How to get the value in TFIDF transformer?

I'm new to Python and recently learning text processing using Bag of Words and TFIDF.

I was trying to get the word in column 1001 in my TFIDF by using the following codes:

count_vectorizer = CountVectorizer()
bag_of_words = count_vectorizer.fit_transform(df)

TFIDF_transformer = TfidfTransformer(norm = 'l2')
TFIDF_representation = TFIDF_transformer.fit_transform(bag_of_words)

TFIDF_transformer.get_feature_names_out()[1000]

and the output is "x1000", a token (I assume) instead of a word.

How can I get the exact word in column 1001 in my TFIDF? Am I using the wrong function or missing other steps to interpret the token I get?

Solution

The count vectorizer returns a sparse matrix which doesn't have column names, you need to convert this to a dataframe and then add the words as the column names by pulling them out of the CountVectorizer:

from sklearn.feature_extraction.text import CountVectorizer, TfidfTransformer

count_vectorizer = CountVectorizer()
bag_of_words = count_vectorizer.fit_transform(df)

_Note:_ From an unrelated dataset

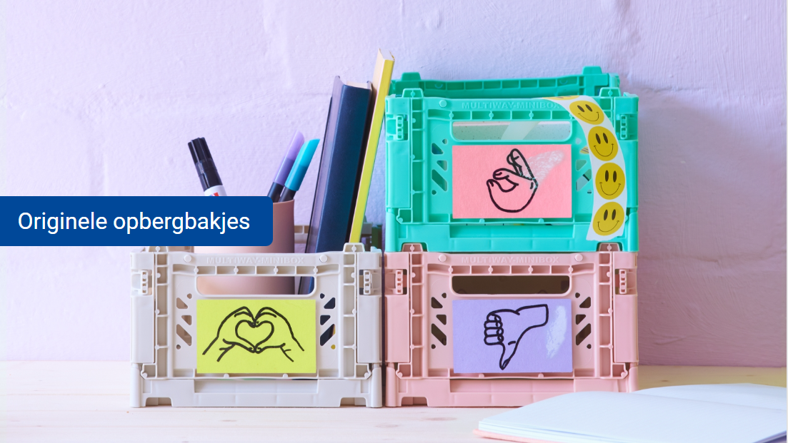 Kleine plastic bakjes zijn ongelooflijk handig om kantoorbenodigdheden en andere items netjes op te bergen en je bureau georganiseerd te houden. Niet alleen kun je speels met kleuren werken, maar je kunt ook bakjes stapelen. Door aanduidingen met gekleurde kaartjes, die je leuk kunt versieren met permanente markers, behoud je een perfect overzicht van al je spullen. We hebben enkele pakkende symbolen ontwikkeld die je, afhankelijk van je behoeften, kunt gebruiken. Natuurlijk kun je ook gewoon op de kaartjes schrijven. Permanente markers hechten blijvend op bijna alle materialen, en je hebt de keuze uit 20 watervaste kleuren.
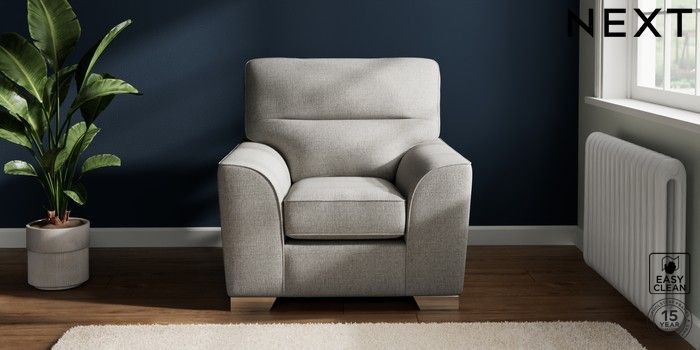 7.2.6 Buy Stamford Highback Armchair Woven Chenille Easy Clean Light Grey Square Angle - Chrome Metal from the Laura Ashley online shop Click here to use our website with more accessibility support, for example screen readers

### Turn sparse array into dense pandas dataframe and add column names (words/tokens)
bag_of_words = pd.DataFrame(bag_of_words.toarray(), columns=count_vectorizer.get_feature_names_out())

TFIDF_transformer = TfidfTransformer(norm = 'l2')
TFIDF_representation = TFIDF_transformer.fit_transform(bag_of_words)

Alternatively, I'll offer that if you're just after TF-IDF vectorization, it will probably be simpler to use the TF-IDF vectorizer directly, as opposed to using the TfidfTransformer:

from sklearn.feature_extraction.text import TfidfVectorizer

TFIDF = TfidfVectorizer()
TFIDF_representation = TFIDF.fit_transform(df)

TFIDF_transformer.get_feature_names_out()